I need a PHP script to display business hours from 1st Saturday in May thru the 1st Saturday in October, then another string for the remainder of the year. Here is what I hobbled together:
我需要一个PHP脚本来显示从5月的第一个星期六到10月的第一个星期六的营业时间,然后是今年剩余时间的另一个字符串。这是我蹒跚而行的:
$this_day = date('d-m-Y', strtotime("Today"));
$first_may = date('d-m-Y', strtotime("First Saturday Of May"));
$first_oct = date('d-m-Y', strtotime("First Saturday Of October"));
$sathours = 'Sat 10am-2pm';
if($this_day >= $first_may && $this_day <= $first_oct) {
$sathours = 'Sat by appt only';
}
echo "$sathours";
After creating that, I realized my attempt to test it by redefining the current date
在创建之后,我意识到我试图通过重新定义当前日期来测试它
$this_day = date('d-m-Y', 02-10-2015);
or
要么
$this_day = date('02-10-2015');
or
要么
$this_day = '02-10-2015';
does not seem to work (yes, I'm just guessing at how that should work). I'd appreciate some feedback on whether my script is correct and how I should be testing it? Thanks!
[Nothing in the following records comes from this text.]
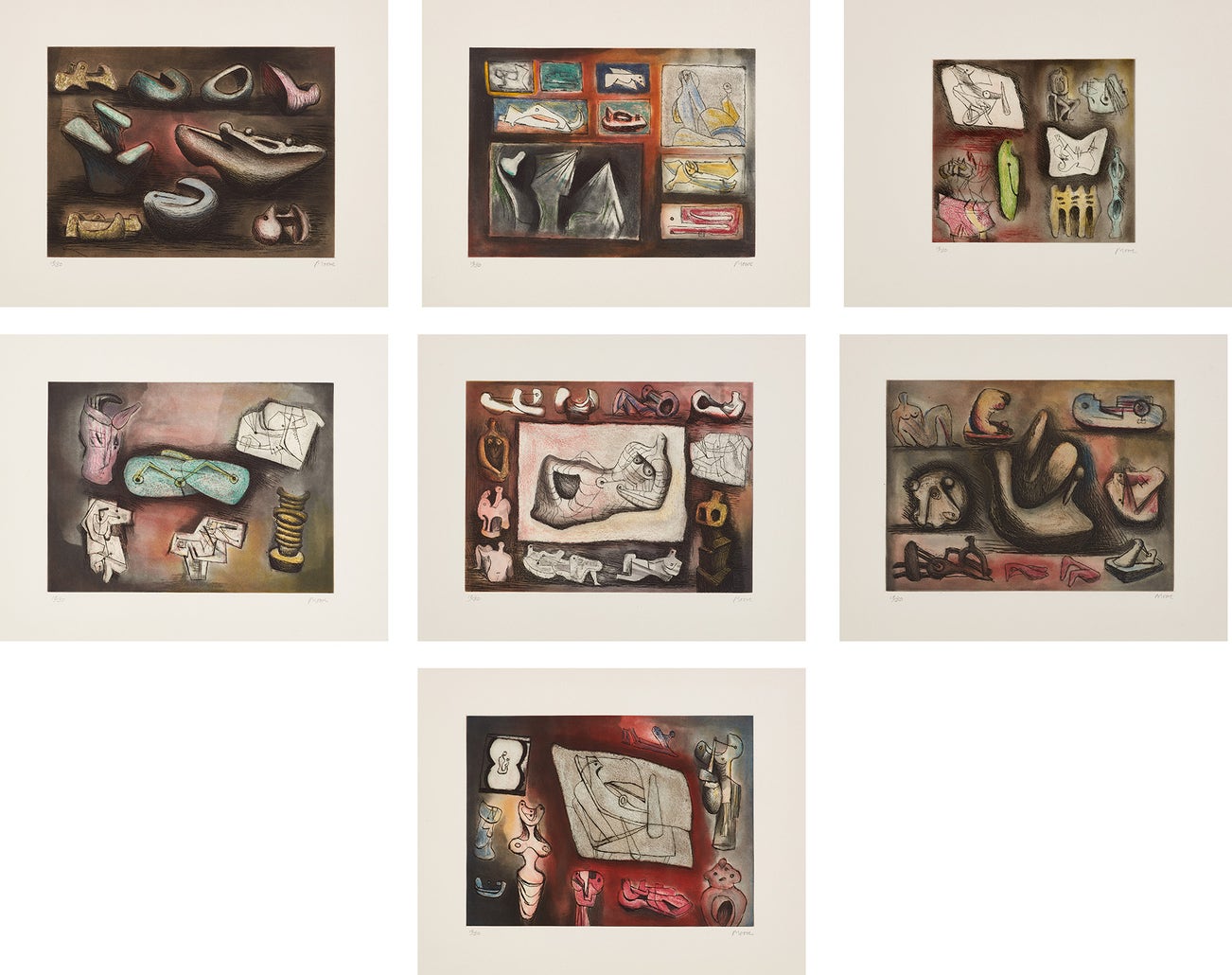 All signed and numbered 18/50 in pencil (there were also 12 in Roman numerals and 10 hors commerce), published by Raymond Spencer Company Ltd. for the Henry Moore Foundation, Much Hadham, in association with 2RC Editions, Rome, all unframed.
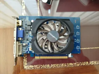 Tarjeta gráfica Gigabyte GeForce GT 730. - Ventilador para refrigeración. - Conexiones: HDMI, DVI, VGA. - 2 GB VRAM - Perfecta para fuentes de bajo consumo (máximo de 38W) - No requiere conectores de alimentación externos - Posibilidad de hacer lote con caja, placa y fuente Lenovo (también subida en mi perfil)
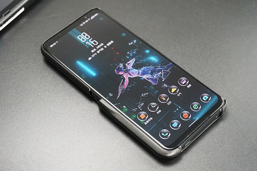 ROG炫彩保护壳需要单独购买,这是一款偏传统但又个性十足的保护壳,它比Aero镂空保护壳更厚重,保护也更为全面,仅把功能按键、接口和后摄模组露出来,手机背部的败家之眼logo灯被完全掩盖,取而代之的是在手机壳上单独做了一个更大尺寸的败家之眼。
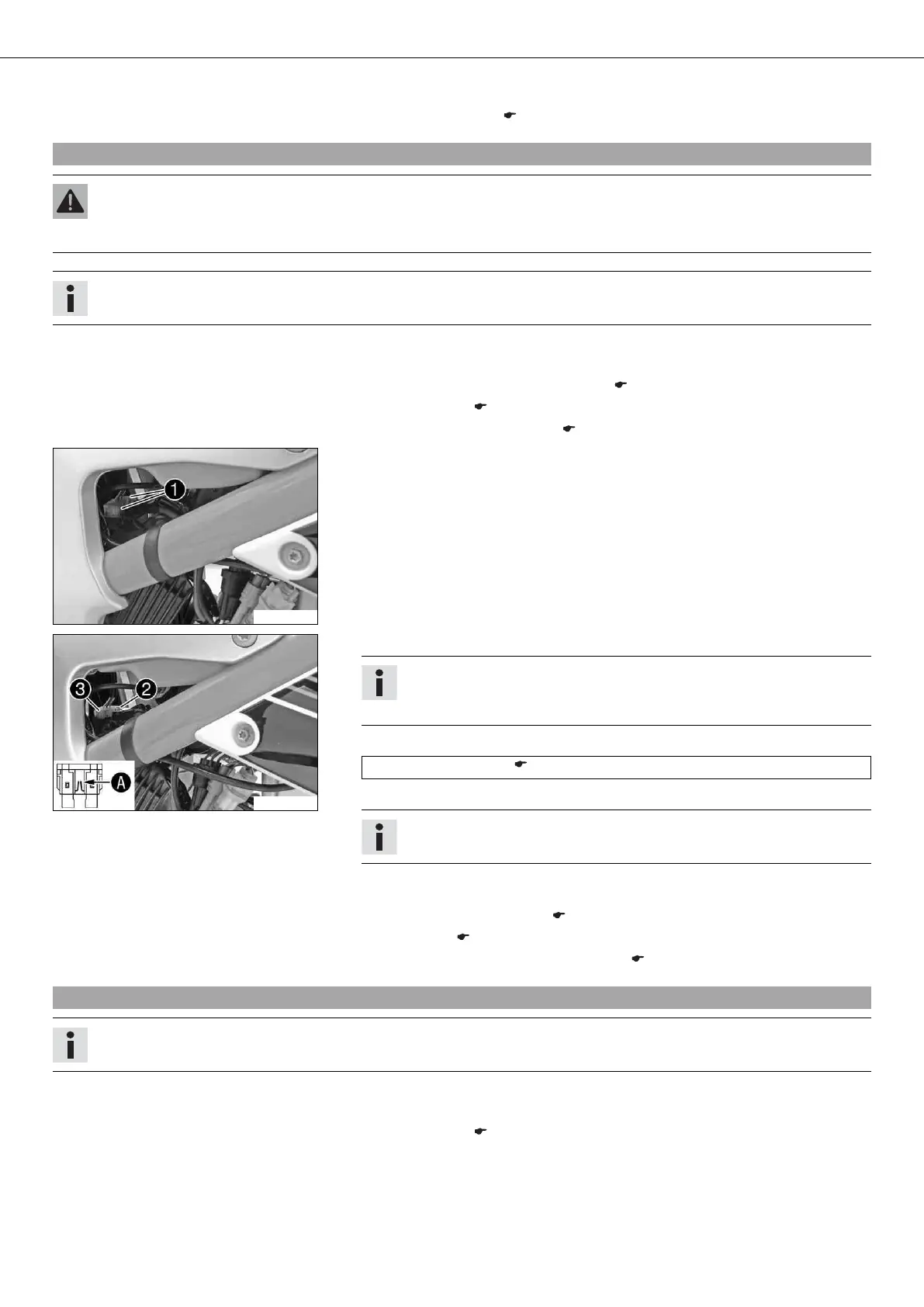 – Raise the motorcycle with the lift stand. ( p. 37)
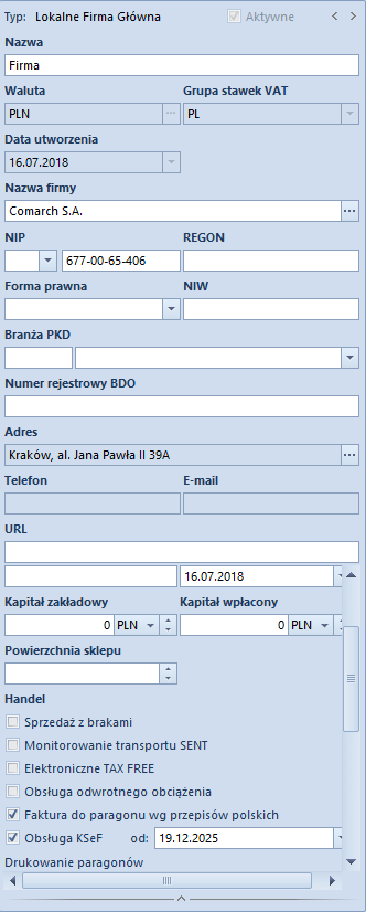 1. Na formularzu firmy w zakładce Konfiguracja\Struktura Firmy\Firma zaznaczyć parametr Obsługa KSeF. Parametr ten prezentowany jest na formularzu wyłącznie, jeżeli Grupa stawek VAT ma ustawioną wartość PL. Po zaznaczeniu parametru prezentowane pole umożliwiające wskazanie daty rozpoczęcia obsługi KSeF (domyślnie ustawiania jest data bieżąca).

似乎不起作用(是的,我只是猜测它应该如何工作)。我很欣赏一些关于我的脚本是否正确以及我应该如何测试它的反馈?谢谢!
1 个解决方案
#1
1
This
这个
if($this_day >= $first_may && $this_day <= $first_oct) {
is comparing strings, not integers. Because $this_day, and others are strings. I'd keep the values as integers. Give this a try..
是比较字符串,而不是整数。因为$ this_day和其他人都是字符串。我将值保持为整数。试一试..
date_default_timezone_set('America/New_York');
$this_day = time();
$first_may = strtotime("First Saturday Of May");
$first_oct = strtotime("First Saturday Of October");
$sathours = 'Sat 10am-2pm';
if($this_day >= $first_may && $this_day <= $first_oct) {
$sathours = 'Sat by appt only';
}
echo "$sathours";
日期
Returns a string formatted according to the given format string using the given integer timestamp or the current time if no timestamp is given.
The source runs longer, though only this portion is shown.